A vida nos últimos anos se tornou mais fácil, e a jovem atribui grande parte disso à terapia. Considera que as sessões fizeram abrir não apenas a porta do quarto para o restante da casa, mas também para o mundo, que passou a encarar com mais alegria.
– Hoje sou uma pessoa que se ama e que se importa. A terapia me ensinou a viver com propósito. Se ainda sou muito jovem pra saber qual o meu propósito de vida, pelo menos sei qual o meu propósito para esse dia, para essa semana, para esse ano. É estar presente na minha vida, deixando a apatia longe.
A psicóloga Marina Zuccolotto considera muito importante que exista o “match”, ou a compatibilidade, entre psicólogo e paciente, e que é normal isso não ocorrer na primeira tentativa. Não é razão para desistir:
– Já é algo difícil para muitas pessoas irem até a terapia, e quando a primeira tentativa é frustrante, muitas vezes elas não vão nem querer ouvir falar em psicólogo. Não é como um médico, que vai te examinar apenas clinicamente. É um profissional que vai te fazer acessar conteúdos muito sensíveis, que tu não compartilhas com ninguém. É fundamental que a pessoa interessada faça uma busca ativa, e não apenas seguir uma recomendação genérica.
Conhece a ti mesmo
(por Rafael Iotti, 29, escritor)
Meu primeiro contato com uma terapeuta profissional, pelo que eu me lembre, é claro, foi aos 13 anos. Eu era um adolescente comum, mas muito introvertido. Era viciado em RPGS, gibis, livros e desenhos animados. O maior convívio com pessoas reais era: a) na escola, onde eu me dava bem com todo mundo; b) na casa da minha avó, os almoços de domingo, quando toda família, até mesmo familiares que tu nem conhecia, iam lá. Então eu acho que isso gerava uma certa apreensão nos meus pais, eu não saia muito de casa, era muito tímido, e resolveram me levar numa psicóloga. Isso foi muito bom. Eu não sei qual técnica ela usava, mas imagino que fosse TCC, voltada mais às crianças. Eu fui me abrindo, me abrindo pro mundo, comecei a caminhar na rua, ir e voltar da psicóloga a pé, sozinho. E me entender um pouco melhor, também. Devo ter ido por quase dois anos nessa terapeuta, depois parei, fui pro Ensino Médio, comecei a andar de skate, fumar uns cigarros, me abrir e viver como boa parte da geração que nasceu nos anos 1990 viveu, totalmente maluco.
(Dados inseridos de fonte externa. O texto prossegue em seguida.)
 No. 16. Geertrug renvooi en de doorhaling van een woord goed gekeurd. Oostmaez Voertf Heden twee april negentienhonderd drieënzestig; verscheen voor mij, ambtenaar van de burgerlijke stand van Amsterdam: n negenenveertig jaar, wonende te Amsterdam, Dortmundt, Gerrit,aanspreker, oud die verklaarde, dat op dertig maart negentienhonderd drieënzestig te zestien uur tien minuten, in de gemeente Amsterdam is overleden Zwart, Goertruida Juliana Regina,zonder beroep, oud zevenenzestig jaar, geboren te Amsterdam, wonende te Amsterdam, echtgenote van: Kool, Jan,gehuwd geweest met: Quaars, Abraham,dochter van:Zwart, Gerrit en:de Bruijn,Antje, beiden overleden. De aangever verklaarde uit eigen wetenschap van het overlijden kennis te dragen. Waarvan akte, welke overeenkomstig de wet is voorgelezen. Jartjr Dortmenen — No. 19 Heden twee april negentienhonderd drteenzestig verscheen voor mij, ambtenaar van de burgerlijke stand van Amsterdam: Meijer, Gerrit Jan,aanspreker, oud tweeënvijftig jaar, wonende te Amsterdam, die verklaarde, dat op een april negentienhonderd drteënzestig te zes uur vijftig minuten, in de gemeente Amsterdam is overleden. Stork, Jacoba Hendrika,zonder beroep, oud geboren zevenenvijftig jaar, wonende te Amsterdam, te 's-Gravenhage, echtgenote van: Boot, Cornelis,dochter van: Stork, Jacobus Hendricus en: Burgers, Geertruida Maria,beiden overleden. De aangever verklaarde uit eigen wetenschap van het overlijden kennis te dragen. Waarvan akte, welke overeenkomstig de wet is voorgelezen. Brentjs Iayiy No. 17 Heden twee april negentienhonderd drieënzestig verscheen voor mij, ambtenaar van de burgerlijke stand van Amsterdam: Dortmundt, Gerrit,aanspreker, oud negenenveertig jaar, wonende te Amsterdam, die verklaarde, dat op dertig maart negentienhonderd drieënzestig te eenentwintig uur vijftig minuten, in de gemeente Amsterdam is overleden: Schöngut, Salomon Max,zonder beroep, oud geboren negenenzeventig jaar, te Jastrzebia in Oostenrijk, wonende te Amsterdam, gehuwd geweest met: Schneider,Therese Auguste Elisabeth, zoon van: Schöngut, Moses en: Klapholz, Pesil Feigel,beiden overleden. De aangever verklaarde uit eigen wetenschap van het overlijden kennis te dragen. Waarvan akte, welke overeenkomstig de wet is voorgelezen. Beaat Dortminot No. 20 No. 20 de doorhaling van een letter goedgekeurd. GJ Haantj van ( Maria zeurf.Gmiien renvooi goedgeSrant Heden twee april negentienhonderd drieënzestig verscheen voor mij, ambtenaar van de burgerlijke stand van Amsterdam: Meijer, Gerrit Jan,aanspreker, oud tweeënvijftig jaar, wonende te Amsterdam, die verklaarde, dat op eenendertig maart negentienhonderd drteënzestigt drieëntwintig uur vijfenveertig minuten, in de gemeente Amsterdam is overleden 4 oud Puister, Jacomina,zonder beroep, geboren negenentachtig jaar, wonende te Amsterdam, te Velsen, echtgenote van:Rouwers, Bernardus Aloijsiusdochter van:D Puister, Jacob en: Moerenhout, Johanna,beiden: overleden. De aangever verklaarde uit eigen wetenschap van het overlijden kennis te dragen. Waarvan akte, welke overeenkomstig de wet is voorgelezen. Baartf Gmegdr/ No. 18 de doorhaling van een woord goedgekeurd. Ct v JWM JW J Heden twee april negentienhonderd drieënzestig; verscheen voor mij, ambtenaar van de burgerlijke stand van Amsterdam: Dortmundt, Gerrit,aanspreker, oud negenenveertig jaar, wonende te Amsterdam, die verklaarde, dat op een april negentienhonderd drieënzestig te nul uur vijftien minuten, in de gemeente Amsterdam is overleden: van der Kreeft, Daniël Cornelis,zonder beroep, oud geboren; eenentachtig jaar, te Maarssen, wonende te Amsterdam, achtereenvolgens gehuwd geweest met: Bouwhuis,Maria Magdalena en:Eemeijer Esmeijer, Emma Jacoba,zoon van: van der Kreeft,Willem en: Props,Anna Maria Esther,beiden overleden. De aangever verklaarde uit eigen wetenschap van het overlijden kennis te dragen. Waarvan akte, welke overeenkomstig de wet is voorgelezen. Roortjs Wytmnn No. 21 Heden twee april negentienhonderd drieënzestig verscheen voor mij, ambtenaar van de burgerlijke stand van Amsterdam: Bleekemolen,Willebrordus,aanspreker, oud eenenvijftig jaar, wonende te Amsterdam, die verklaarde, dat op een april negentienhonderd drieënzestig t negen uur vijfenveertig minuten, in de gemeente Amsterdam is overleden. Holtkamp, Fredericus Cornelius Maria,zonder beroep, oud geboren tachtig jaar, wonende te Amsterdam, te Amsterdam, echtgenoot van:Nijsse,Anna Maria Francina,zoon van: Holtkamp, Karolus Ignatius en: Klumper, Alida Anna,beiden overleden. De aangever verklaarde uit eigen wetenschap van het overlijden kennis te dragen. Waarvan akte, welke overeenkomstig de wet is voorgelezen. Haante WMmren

Depois, eu passei pelas mãos de muitos e muitas profissionais. Talvez nem lembre de todos. Morei seis anos em Porto Alegre, e, no final, no sexto ano, tive crises de pânico homéricas, fiquei seis meses sem sair de casa. Meu psicólogo cogitava a hipótese vir até a minha casa me ver. Ele fez isso uma vez. Mas queria me forçar a tentar sair. Mas dessa vez eu não conseguia. Enfim. Voltei para Caxias e comecei a me medicar, a ir em outra psicóloga. E as coisas começaram a melhorar. Desde então, troquei mais três vezes de psicóloga, indo da psicanálise para comportamental e voltando pra análise.
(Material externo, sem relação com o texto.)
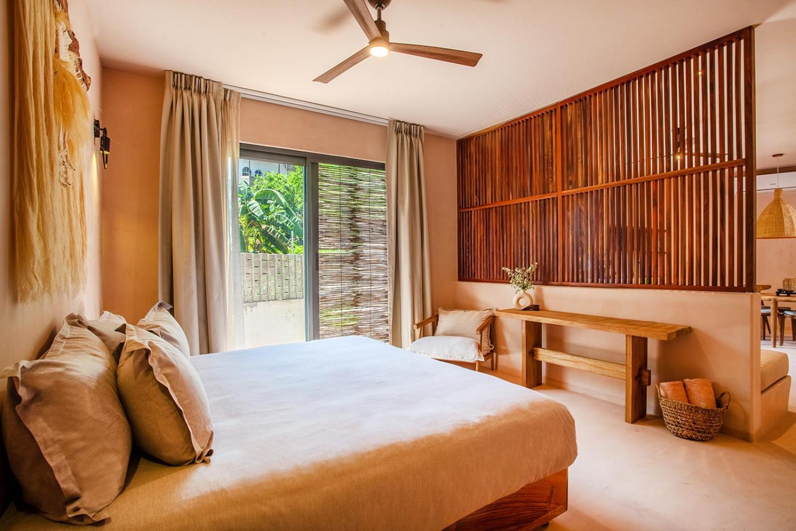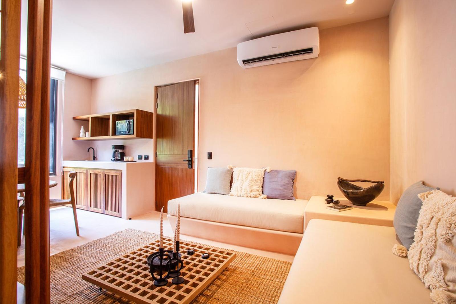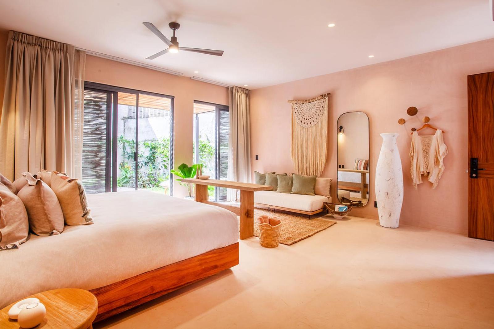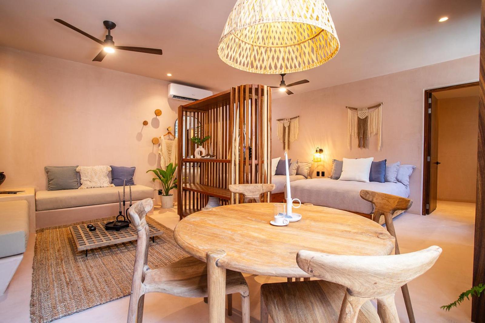 Location is further from the action and beach which is what I was looking for. Peaceful tranquil and I can easily walk within 5 minutes to the town and 9 minutes to beach. Main San Pancho can be noisy! Very comfortable beds with fluffy comforters. Wonderfully working ACs. Large room with nice day bed for hang out. Kitchenette with sink. Beautiful boho Tulum style chic.

Uma das grandes questões que tenho me resignado a apreender, com a análise, é aquela que atribuem a Platão, mas que pode ser de qualquer outro grego da época: conhece a ti mesmo. Isso talvez seja o mais difícil porque na maior parte das vezes a gente não quer conhecer o nosso lado obscuro, brutal e frágil. A gente lida com isso de diversas formas, seja comprando muito no Shopee, torcendo pro Caxias ou dormindo 16 horas seguidas.
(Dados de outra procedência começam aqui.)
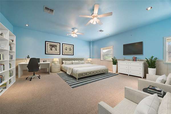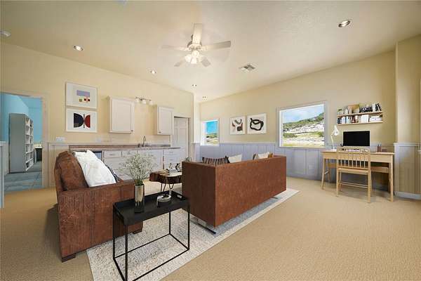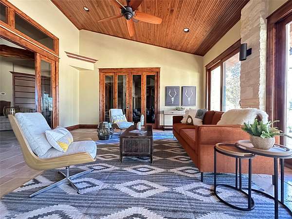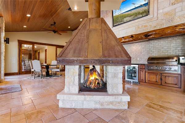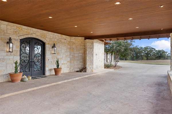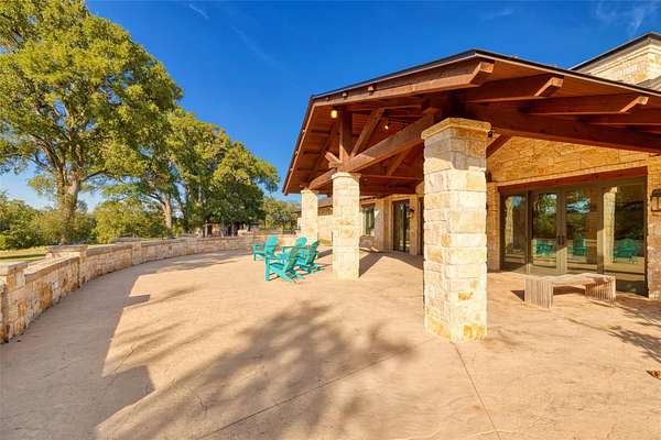 In the Heart of Hill Country, this beautiful Live water ranch offers the best of both worlds by providing a serene country lifestyle without sacrificing modern amenities & conveniences, where you can enjoy water activities such as swimming & kayaking, or simply unwind by the private water's edge, all while having access to high-speed internet, comfortable accommodations, and nearby shopping & dining options. This exquisite 2013 White Rock House is nestled on acres of lush grass, surrounded by tall oak canopies, exotic wildlife, & beautiful creek bluffs, with the added charm of being situated in a tranquil creek bend & enveloped by spring-fed Stevens Creek, supported by a concrete dam that ensures a year-round live creek & abundant wildlife. Unique feature of this home is it's indoor/outdoor firepit living/entertainment room, designed with every season in mind and set to impress. Game House: 1/2bath, a living area, and an area for entertaining with a built-in kegerator, cedar bar top, and plenty of space for games no matter the age. The Game House can be used as a 2nd living quarters, a Mancave/SheShed, teens hangout, &/or late-night games away from the main house. 3rd Improvement: Top-of-the-line 90x74' Steel Barn features; Built-in HVAC 2BED living quarters w/ kitchenette & full bath, commercial grade steel framing, fully insulated, 5 12x10 garage doors, electrical&water. Adds 14 covered parking spots to keep all equipment, RV, & toys protected.Maverick: Clubhouse, Resort Pool, Fire Pits, Green Space, Blue Hole, Sports Courts, Hiking Trails, Overlook, Ranging Exotics, On-Site Groundskeeper, High-Fenced & Gated. Participates in Dark Skies Program for ultimate stargazing experience. 95%Furnished=Convey. SEE VIDEO. OFFERED IN 3 ACREAGE OPTIONS-while available. See agent for more info.

A questão, pra mim, é que a terapia faz sentido, desde cedo, desde a minha adolescência. Talvez eu nunca me conheça de uma forma ideal, porque acho que ninguém se conhece dessa forma. Mas eu me respeito um pouco mais, consigo gostar um pouco mais de mim, e sei que muitos dos meus próprios erros foram intencionais, porque eu quero, de certa forma, me machucar. Essa é a velha pulsão de morte do Dr. Freud. Mas é bom saber disso. É melhor saber do que não saber. A terapia tem sido isso, um conhecimento, não só meu, de mim, mas do mundo, de um mundo que às vezes é um pouco mais tangível, acessível e compreensível. Mesmo que na sua podridão.